La première étape de cette stratégie constructiviste, populiste et déconstructionniste a gravement endommagé les démocraties européenne et américaine. Endommagé, mais pas détruit. Car ce processus pervers de transformation, qui à son tour affaiblit l'essence de la véritable transformation, technologique et énergétique, pour qu'elle puisse se maintenir dans le temps, a besoin d'une démocratie affaiblie pour continuer à exister. Premièrement, parce qu'il n'y a pas de capacité à générer une alternative viable pour le moment. Et deuxièmement, parce que le cadre théorique et pratique que les secteurs critiques se sont approprié n'est pas destructeur mais déconstructif. Et donc la détérioration dont se nourrissent ses bénéficiaires doit être progressive, volatile et incertaine.
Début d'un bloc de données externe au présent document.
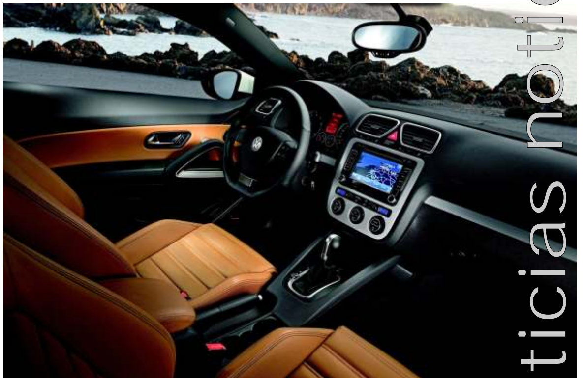
A falta de verlo en directo tenemos las fotos en las que el coche "promete"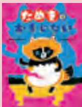
『ためきのおまじない』 おおなり 修司 文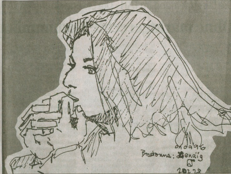
Holzminden. Breatonne, Farbradierung von 1996, von „Nante“ Scheriau.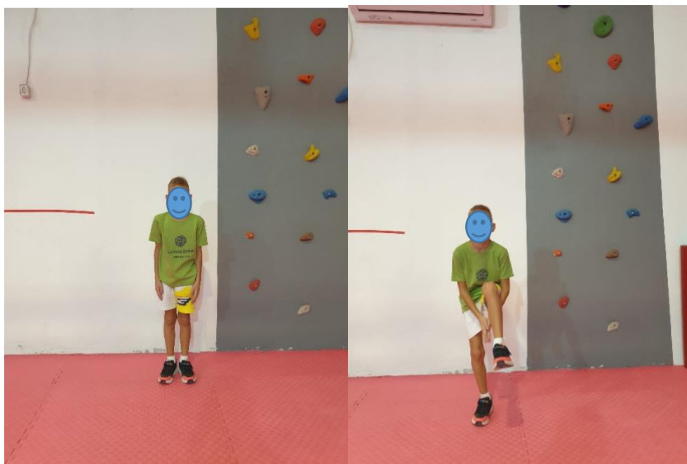
Slika 13. Vježba "Pljesak ispod noge"

UTJECAJ VJEŽBE: jačanje mišića cijelog tijela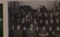
Совладелец анимационного мультимедиа 1995г. младшая группа.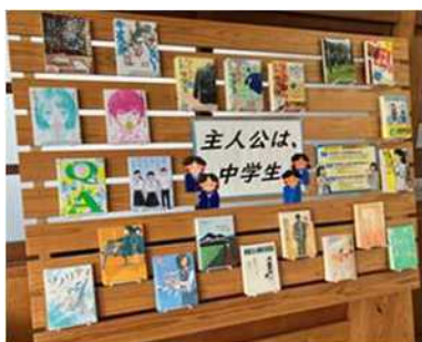
7月 読書感想文にもぴったりに！ 主人公は中学生！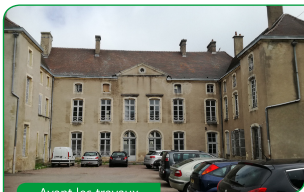
Avant les travaux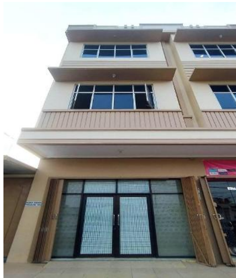
Gambar 3.1 Lokasi PT. AKJ Medika Indonesia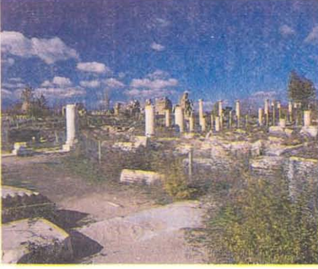
RESİM 1: Afrodisias Genel Görünüm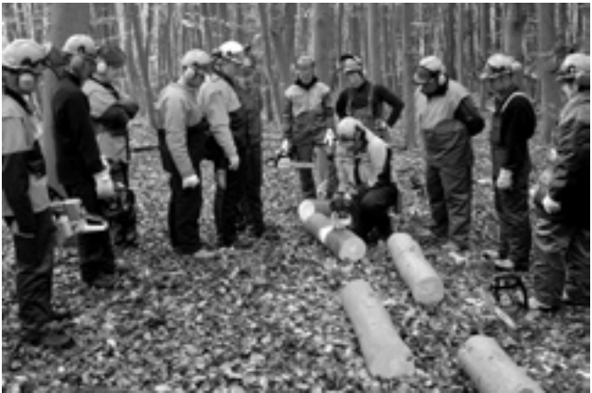
Aufbereitung von Stammholz.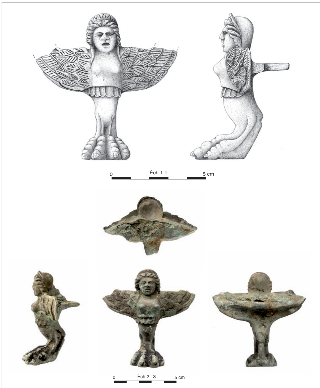
Pl. 1. Dessin (J. Gelot, INRAP) et clichés (A. Mailler, Bibracte) de la sphinge découverte à Fragnes.

Une statuette en bronze découverte à Pompéi, représentant la déesse Fortune assise, offre un intéressant parallèle (pl. 2, n° 2). Elle a les pieds qui reposent sur un petit marchepied dont les supports sont des sphinges. Un pied en forme de sphinge,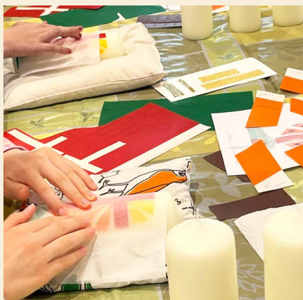
Eine Heimosterkerze entsteht.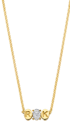
Ketting Molly 1,0 mm ketting € 868,-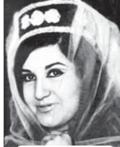
Ураджылагуэ цIарыуэ БжыныкIэ Амалы (Тяруб), Иордания (XX лл.)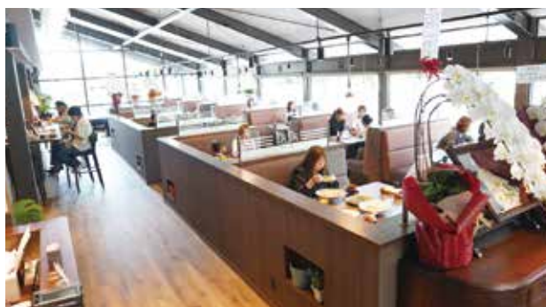
▲多くの人でにぎわう店内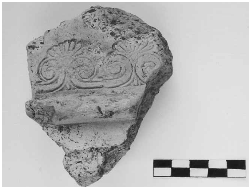
Εικ. 11. Τμήμα κορινθιακού περιρραντηρίου με εμπύεστα ανθέμια (τομή 23-13α).

τεχνοτροπική όσο και από εικονογραφική άποψη. Μεμονωμένο είναι προς το παρόν ένα τμήμα από κορινθιακό περιρραντήριο με εμπύεστα ανθέμια (εικ. 11).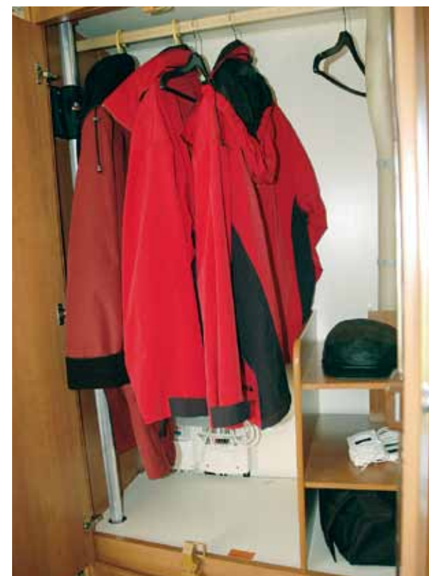
Garderoben i Fendt är mycket rymlig och tillträdet sker genom två dörrar.

"Står man mitt på golvet när man väggarna med båda armbågarna vid minsta rörelse"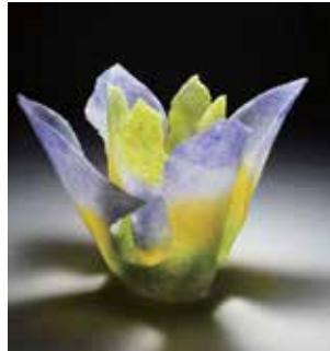
「ジャーマンアイリス」 西悦子、2016年、作家蔵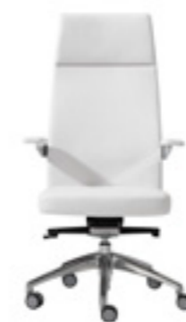
High backrest Respaldo alto Dossier haut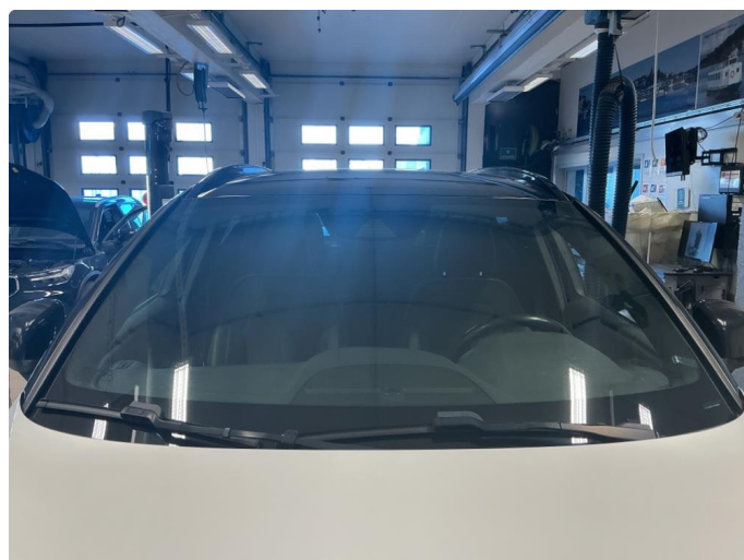
1.3 Små steinsprut i henhold til alder og kilometer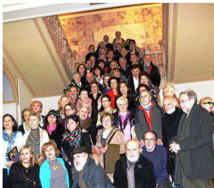
Todos los artistas aragoneses que participaron en la pasada exposición.

Esta convocatoria cultural y el partido de fútbol que enfrenta al Real Zaragoza con la selección española de veteranos en La Romareda son los actos que más se ven de los que organiza la asociación, pero no son más que la punta del iceberg de un trabajo y un esfuerzo diarios realizado durante 22 años, sustentado con la ilusión y dedicación de muchas familias y voluntarios que han convertido a la asociación en todo un referente, no solo de Aragón sino también de otras regiones colindantes. Unas 2.700 personas forman parte de la asociación, ya sea de manera directa o indirecta, y se encargan de confeccionar un programa de actividades muy completo. Destaca la atención psicológica que Aspanoa brinda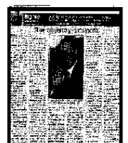
Se detiene el crecimiento del PIB?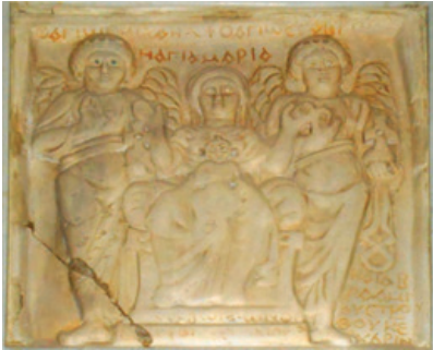
Bassorilievo Copto Cattedrale di Adria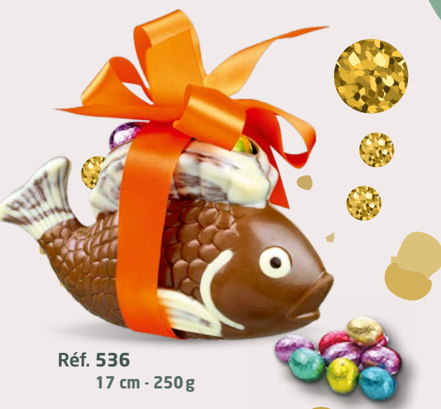
Réf. 536 17 cm - 250g

La Chine n'a pas tort de fixer une date, 2049, pour son saut dans la catégorie de la première puissance mondiale et hégémonique en Asie. Il ne se trompe pas car la mentalité de son gouvernement communiste est traditionnelle et le Parti a besoin de feux d'artifice et de commémorations pour survivre. Mais les concepteurs et les dirigeants des différentes forces constructivistes et post-communistes ne se soucient pas du temps. Ils se soucient du fait que les résultats des élections en Espagne ont laissé un pays politiquement ingouvernable; que les processus contre Donald Trump continuent de générer une polarisation aux États-Unis; et que Giorgia Meloni est d'abord d'extrême droite, puis accepte l'OTAN et l'Union européenne et secoue plus tard les banques avec une taxe qui fait trembler les marchés boursiers.
Il n'est pas surprenant que Bildu, les sécessionnistes catalans, les différentes factions de Sumar, le nationalisme basque ou l'aile la plus extrémiste de Vox, ne trouvent pas inconcevable la situation politique qui a été générée au cours de la dernière décennie. Ils suivent le chemin favorable marqué par la tendance mondiale. Ce qui est plus étrange, c'est que le socialisme démocratique à racine progressiste libérale, qui s'est débarrassé de son héritage marxiste et anticapitaliste, n'a pas été en mesure de se débarrasser des nouvelles idées corrosives d'un constructivisme radicalisé qui n'a d'autre objectif que de défaire les fondements des sociétés libres que nous, en Espagne et dans le reste des nations démocratiques, avons construites.